= KHOJ (arts organization) =

India-based arts organization

Khoj International Artists' Association, also known as Khoj, is a non-profit contemporary arts organisation established to incubate emerging, experimental and transdisciplinary creative practices and pedagogies in South Asia. It is based out of New Delhi, India. Khoj was founded in 1997 by artists like Anita Dube, Subodh Gupta, Bharti Kher, Manisha Parekh and Pooja Sood, who is also currently its director. The studio premises are located in Malviya Nagar in Delhi.

==History==
Khoj started as an annual workshop in 1997 founded by Ajay Desai, Anita Dube, Bharti Kher, Subodh Gupta, Prithpal Singh Ladi, Manisha Parekh and Pooja Sood, collectively known as the 'working group'. Led by artists, it was an initiative for artists by artists. With a non-Euro-American approach in its cultural discourse of art, Khoj started as a platform for dialogues within art from South Asian, Latin American and African countries. The cooperative structure of Khoj is modelled on various workshops held in the UK and Africa which were supported and guided by the Triangle Arts Trust, based in London.
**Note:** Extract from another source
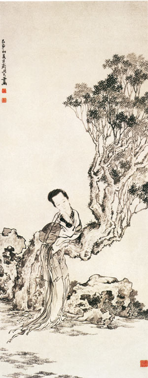 (右:纨扇仕女图)那棵树应该是在无锡顾山。我却一直以为在嘉兴西塘。像张爱玲对英格兰和法兰西颠倒了印象一样,对昭明太子萧统手植的红豆树所在的位置,我一直无法纠正自己错误的认识。就像一千四百多年前萧郎和慧娘的一见钟情,明知是错了,也只有一路错下去。 应该是杏花烟雨的江南,春草漫过河堤的时节发生的爱情。原谅我们说相遇,今人或古人,所有的缠绵悱恻都愿和烟雨、江南沾染丝丝缕缕的联系。 真的是大俗,可是仔细思量着,却又大雅。当中自有一番刚硬的道理在,不尽是文人骚客,痴男怨女的婉转凄凉。 老子说:“上善若水,水善利万物而不争。”是说水的因时因势而起,无为而为。水是至柔至刚之物,来去自如,滋养万物,亦同佛家说“缘起缘灭”,总不强求万物羁留,动则氤氲有致风生云起,静则坚毅如山石。至于人和人之间的情缘来去,用什么形容也不如水贴切。 人一旦爱了,一颗心就能百转千回,像江南水乡的小河道,弯弯曲曲间衍出无数缠绵来;一旦不爱了,亦有黄河之水天上来的决裂和汹涌。 现在,我们回到他们相遇的时刻,去见证那场烟花的绽放。那一天,他许是腻了宫娥翠袖,腻了丝竹箜篌,腻了伏案编书。他出游,信马由缰,到郊外寻花问柳。那可是真的寻花问柳,他是一等一的才子,从小天资聪敏,过目不忘,来顾山隐居是为了编集《昭明文选》,不似乾隆下江南的附庸风雅。 走到一条清溪边,他觉得口渴起来,正好迎风送来茶香,抬头看见前面一座小小的茶坊,他便信步走了进去。那当垆卖茶的女子闻声转过身来。但见她云鬓乌黑,生得面若桃花,穿着布衣也难掩风流,他心里一喜。那茶,未曾喝到嘴边,却已先浸得人眼明心亮。 她捧了一盏茶过来,浅笑盈盈。这一笑,似已耗尽一生等待。她与他正像白娘子与许仙西湖初遇,相逢却似曾相识,未曾相识已相思。 他们这场相遇叫我想起了一段绝美的台词,那段话是这样说—— 野花迎风飘摆,好像是在倾诉衷肠;绿草凄凄抖动,如无尽的缠绵依恋;初绿的柳枝轻拂悠悠碧水……看这一江春水,看这清溪桃花,看这如黛青山,都没有丝毫改变,也不知我新婚一夜就别离的妻子是否依旧红颜? 对面来的是谁家女子,生得满面春光,美丽非凡! 这位姑娘,请你停下美丽的脚步,你可知自己犯下什么样的错误? 这位官人,明明是你的马蹄踢翻了我的竹篮,你看这宽阔的道路直通蓝天,你却非让这可恶的畜生溅起我满身泥点,怎么反倒怪罪是我的错误? 你的错误就是美若天仙,你婀娜的身姿让我的手不听使唤,你蓬松的乌发涨满了我的眼帘,看不见道路山川,只是漆黑一片;你明艳的面颊让我胯下的这头畜生倾倒,竟忘记了他的主人是多么威严。 春花软柳,佳人如玉,我想,昭明的心旌摇曳也应该和剧中人一样。 此后,他便天天来,有时也着宫使接了她,去他的读书台上。他已经遣散了身边的宫娥,她就成了灯下伴读添香的红袖,在他疲累时奉上香茶一盏,那是虎跑泉的水沏出的清冽情意。有时,她也会启丹唇为他弹唱解乏,吴侬软语,一曲歌毕,他不禁叹道:“有此清歌做伴,何必丝竹污耳呢?”又一笑,“有慧如相伴,何用姬妾成群?” 她明白他是借机向自己表明心迹。她笑笑,带着低低地哀伤:“萧郎……你是太子,这是无可奈何之事。” 萧统也笑了。他仿佛永远考虑不到这点,体察不到她的忧伤一般,抚着她的眉说:“我是太子,慧如,我是太子,你要信我。” 她点头,眼中凝聚着难以化解的忧伤。不是她不相信他,只是身份地位太过悬殊,宗教礼法的桎梏,由不得她去妄自天真。 待到《文选》编顶杀青,他终于要回京去。临别马上,他仍是豪情不减,手指远方道:“慧如,来日我要凤笙龙管,紫盖香车迎你回京。” 她站在马下凄凄地望向他,无语凝噎。半晌才轻轻地取出一物放在萧统掌心,道:“昔有妇人滴泪成血,化做相思豆,今以一双红豆付君,若君早归,妾当免于此厄,不然,日后……望你见豆如见人吧。” 他就此别去,归来杳杳无期。果不出慧娘所料,世事绝没有他想的那样简单,他要娶她,遭致的何止一方责难?他是太子也一样,他大,大过平民百姓,大不过礼法森严如天。 “宫门一如深似海,从此萧郎是路人。”怀着寒微无路扣金门的凄伤,慧娘相思成疾,当他再来时,已是红颜零落青草稀了。 萧统并无哀哭嚎叫,只亲手栽下两颗红豆,黯然回京。回京后一病不起,数月之后,薨逝。 这应该是传说,可是哀艳妩媚之处不下于任何正史书纪的贞男烈女,而且精诚所至,天地精气亦有感知,萧统手植的两株红豆树,数百年后倏然合抱,树干并为一体,上枝仍分为二。 唐人王维从江阴过,见此树心有所感,作著名的《红豆》诗,流传天下—— 红豆生南国, 春来发几枝,愿君多采撷,此物最相思。 我已无从揣测王维所谓相思,是相爱之思,还是故国故园之思。还有,这首诗是王维写给谁的。不过无从揣测也表示可以有无限揣测,如果一定有这个人,我希望是那个曾经在他生命里出现的唐朝公主。很多年后他对她说,当时我不得不走,因为再差一步,我就要陷入爱情。 只差一步,是相思,而不是相爱,感情如尘埃,就是这样的细致入微。 他是聪明且珍重的,自知爱不起她,一个心里只有薛绍的公主。也许看到红豆,他想起昭明太子和慧娘,亦想起自己和太平公主,都是心有遗憾的感情。 《红楼梦》里宝玉的红豆曲唱得好:“滴不尽相思血泪抛红豆……”那时节已是清朝。看呐,王维的诗

The first international workshop, coordinated by Ajay Desai, took place in 1997 with twenty-two artists from India and countries like Cuba, Kenya, Namibia, Austria, Australia, United Kingdom, South Africa, Pakistan and Sri Lanka. Supported and guided by Robert Loder of Triangle Arts Trust, Dayawati Modi Foundation and Eicher Gallery, Delhi, the two-week workshop took place in Sikribagh, situated on the edges of Modinagar, an industrial town north of Delhi, which remained its venue for the annual workshops for the next five years. In India, when art was still reserved for the institutional confines of galleries, Khoj 1999 workshop produced some new language with performance art by artists like Subodh Gupta from India, Michael Shaonawasai from Thailand and Song Dong from China.

Known for providing an alternate forum for experimentation outside of institutional frameworks, Khoj started first of its kind, 'itinerant' workshops. The first 'itinerant' workshop was held in Mysore, Karnataka in 2002 which was followed by Khoj Mumbai in 2005 and Khoj Kolkata in 2006. These workshops were organised by artists who had experienced Khoj workshops earlier. In 2007, Khoj organised Khoj Kasheer in Lalmandi, Srinagar, the first international art project to be held in Kashmir since 1947.

With the help of Robert Loder, Khoj set up its studio building in Khirkee Village, near Malviya Nagar, New Delhi in 2002.

==Khoj Studios==
Khoj has been a catalyst in initiating and facilitating network among different communities of artists in India and South Asia. South Asia Network for the Arts (SANA), started in 2000 is one such network that was facilitated and initiated by Khoj, which in turn has spearheaded dialogues and interactions of ideas and work across different artists, geographies and cultures. As a result, Khoj has helped in setting up of studios in Karachi, Pakistan (Vasl), Colombo, Sri Lanka (Theertha), Dhaka, Bangladesh (Britto) and Kathmandu, Nepal(Sutra).

==Workshops and Residencies==
- International Workshops: Organised by artists, this annual workshop brings together over 20 artists from all over the world to share their diverse cultures and experiences.
- International Residencies: Initiated by Khoj Delhi in 2000 and is held on a regular basis at the Khoj studios.
- Peers: An annual student residency started in 2003 with help of India Foundation for Arts (IFA), Bangalore.
- Associate residencies: Annual Residency featuring various individual artists and collective.
- Curatorial Residency: A residency programme as a part of the four-year Curatorships Programme conceptualised by India Foundation for the Arts (IFA).